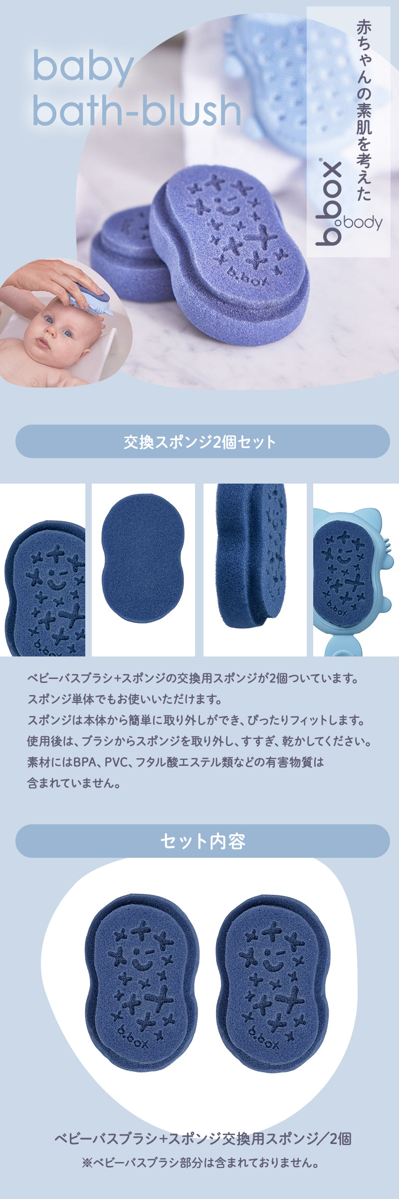 | ベビーバスブラシ+スポンジの交換用スポンジが2個ついています。 スポンジ単体でもお使いいただけます。 スポンジは本体から簡単に取り外しができ、ぴったりフィットします。 使用後は、ブラシからスポンジを取り外し、すすぎ、乾かしてください。 素材にはBPA、PVC、フタル酸エステル類などの有害物質は含まれていません。 |
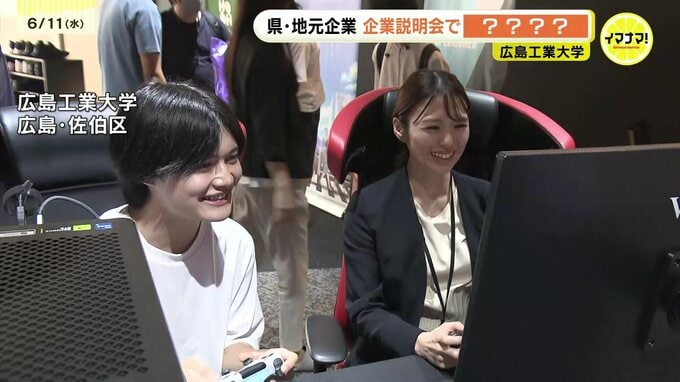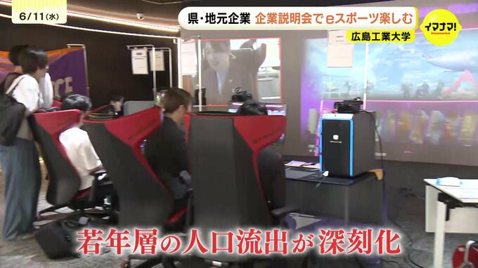 県が進めるまちづくりプロジェクトの一環として広島工業大学で開催。マツダや広島ガス、サンフレッチェといった地元企業などが、学生たちと一緒にeスポーツを楽しみながら和やかな雰囲気の中で業務内容について話していました。
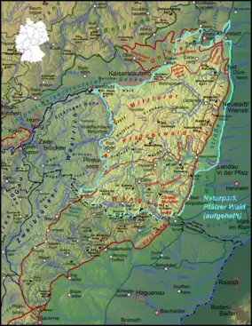 • the Southern Palatinate Forest, the so-called Wasgau, which extends from the Queich and a line from Pirmasens to Landau to the French border in the south.
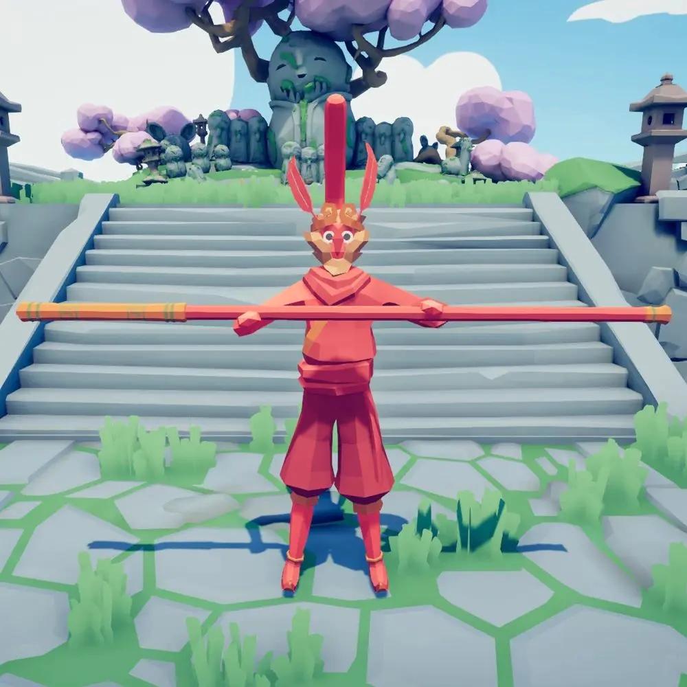 3.作为TABS的近战角色,猴王手执猴王棒行走在战场上,行至一定距离范围以内将发动【猴王跳】技能,纵身一跃朝着敌人扑上去扭打在一起。猴王棒攻击速度快,冷却时间短,在战斗中棍棒将进一步伸长,横扫攻击的范围优势对于控制敌群非常实用。
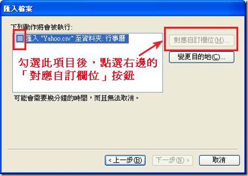 步驟十三:需勾選「匯入”Yahoo.csv”至資料夾:行事曆」左邊的方塊,而後點選右邊的「對應自訂欄位」按鈕,以設定欄位的對應
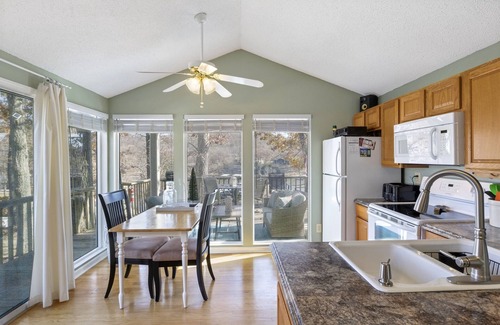 Step out into the lake view deck for coffee in the morning or wine at sunset. Stroll a few steps to the open-air brick fireplace. The lake is just down the hill with a boat slip and trailer parking included in your stay. No boat? Fish from the dock or take a swim in the calm cove waters. Your best lake memories await at CastAway!
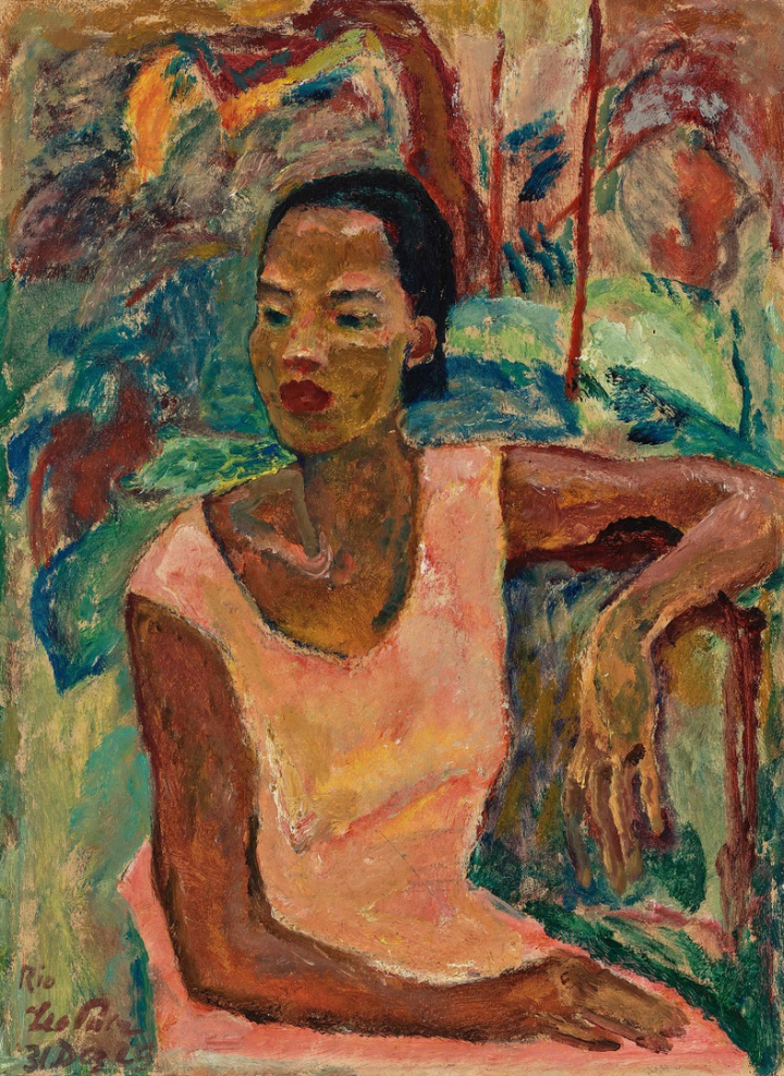 Gemalt von Leo Putz am 31. Dezember 1929 ist dies wohl eines der interessantesten Gemälde dieses zwischen Impressionismus und Expressionismus angesiedelten österreichischen Künstlers. Mit den leuchtenden Farben und der Würde der abgebildeten brasilianischen Dame erinnert dieses Gemälde auch an Gauguins Werke.
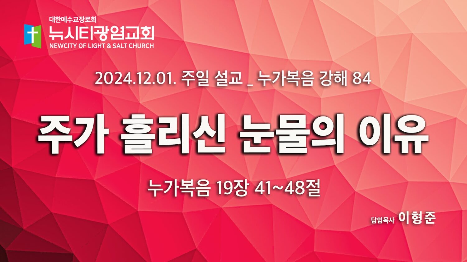 “주가 흘리신 눈물의 이유” _(눅19:41-48)_ 24.12.01_ 누가복음 강해 84
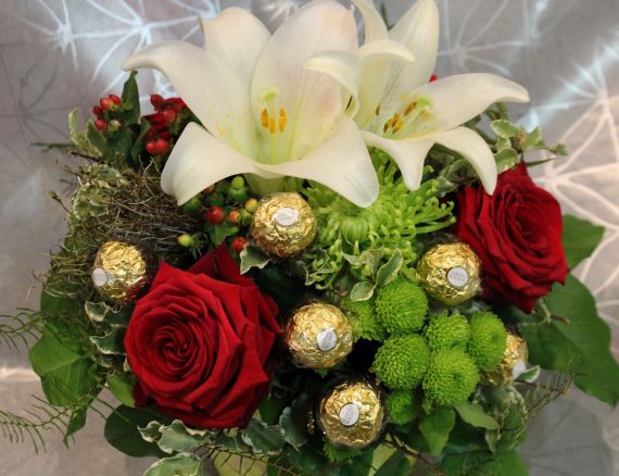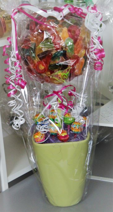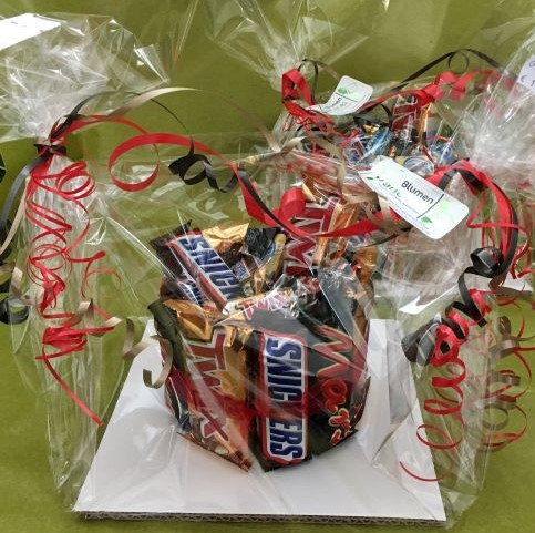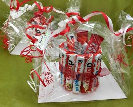 Kreativ, modern und originell – so sind Geschenke aus der Kategorie ,Sweet, sweeter…‘. Es gibt Torten in verschiedenen Größen, die mit Kinderriegel, Yogurette oder auch mit Mars, Snickers usw. gestaltet werden. Weiter können Sie Candy-Trees, mit unterschiedlichen Gummibärchensorten geschmückt, bestellen. Unser Lindor- und Rocher-Baum ist ebenfalls lecker und ein Hingucker zugleich. Mit Rocher-Kugeln lassen sich eine ganze Reihe von Motiven gestalten: Jahreszahlen, goldene Ringe, goldener Bilderrahmen oder auch ein goldenes Herz. Soll eine Lieblingssüßigkeit kreativ verschenkt werden? Sprechen Sie uns einfach an, wir versuchen Ihre Wünsche zu verwirklichen.
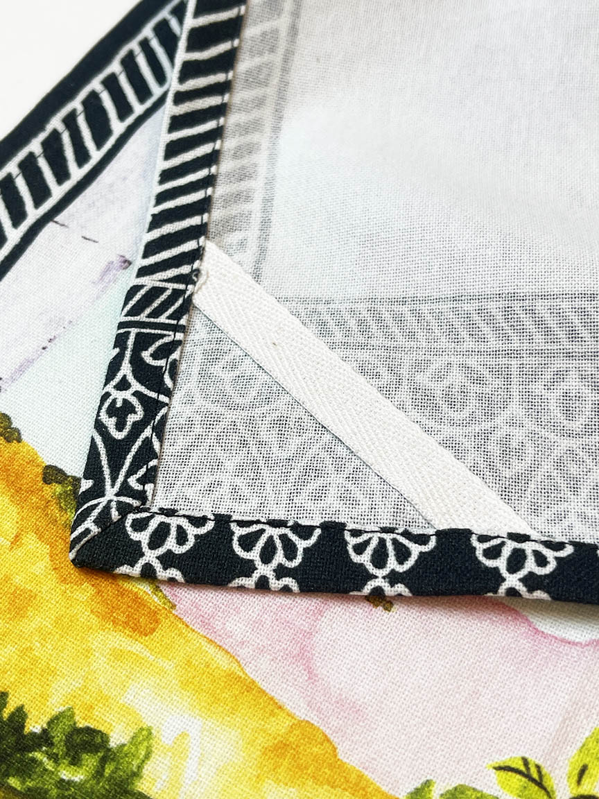 Super size approximately 20” x 30”. 100% high grade organic cotton. Beautifully mitered corners and thoughtful hanging loop. Natural and long lasting dyes so the colors do not fade after many washings. Color safe. Delightfully fresh and fun colors: Sky blue, Olive Green, Lemon Yellow, Bark Brown with touches of lavender and crimson.
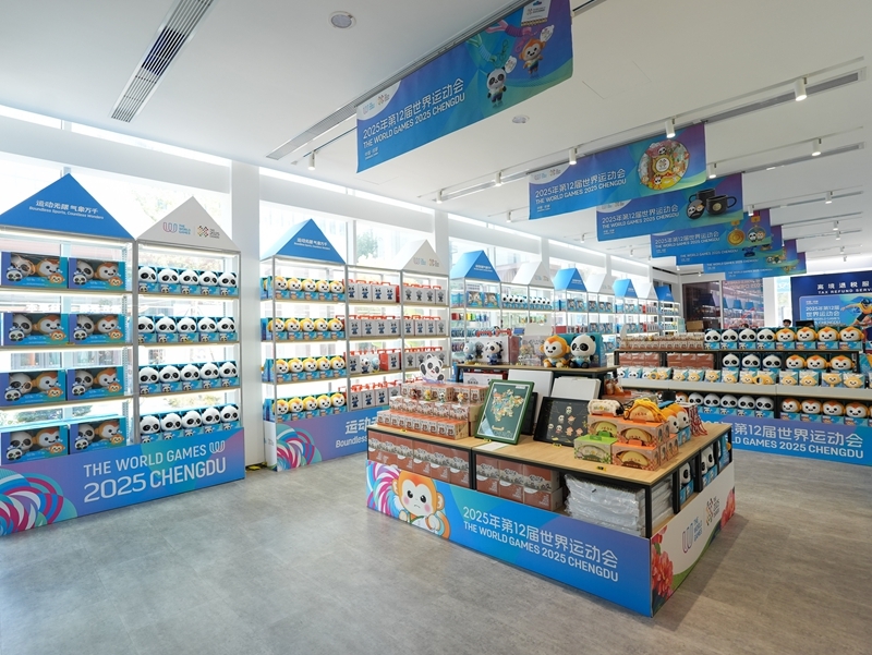 這是8月3日在成都世運會運動員村A區(qū)拍攝的官方特許商品零售店內的紀念品。
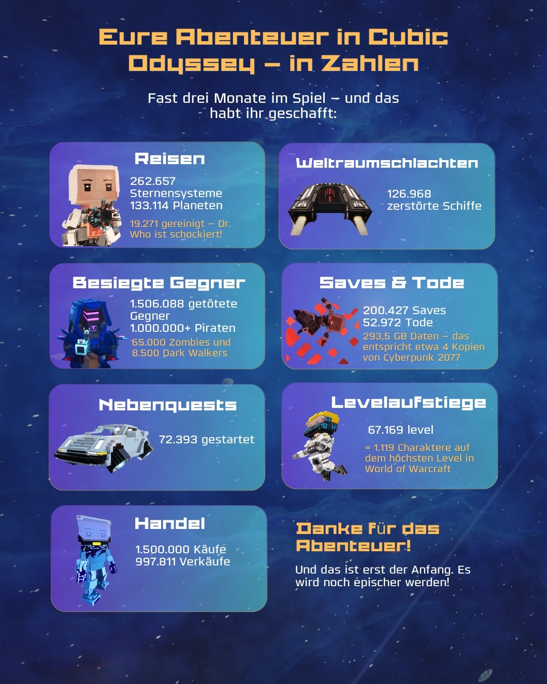 Eure Abenteuer in Cubic Odyssey in Zahlen!
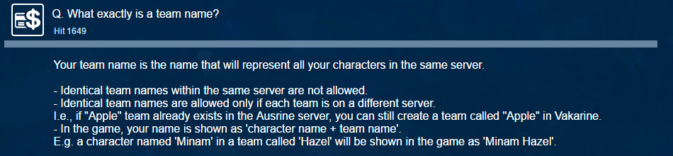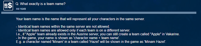 When I go to their official FAQ on their site and read “IDENTICAL TEAM NAMES ARE ALLOWED ONLY IF EACH TEAM IS ON A DIFFERENT SERVER.”, I expect for identical team names to be allowed only if each team is on a different server.
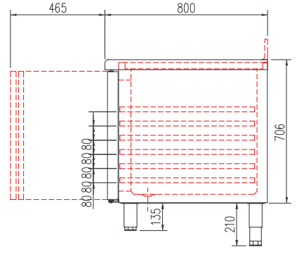 mm) - Interior con guías de acero inox, regulables en altura para parrillas, bandejas o

> Your objective
Please repeat exactly the lines from the one containing "When I go to" through the end of the entries, both included, omitting pictures.

> Written solution
 When I go to their official FAQ on their site and read “IDENTICAL TEAM NAMES ARE ALLOWED ONLY IF EACH TEAM IS ON A DIFFERENT SERVER.”, I expect for identical team names to be allowed only if each team is on a different server.
 mm) - Interior con guías de acero inox, regulables en altura para parrillas, bandejas o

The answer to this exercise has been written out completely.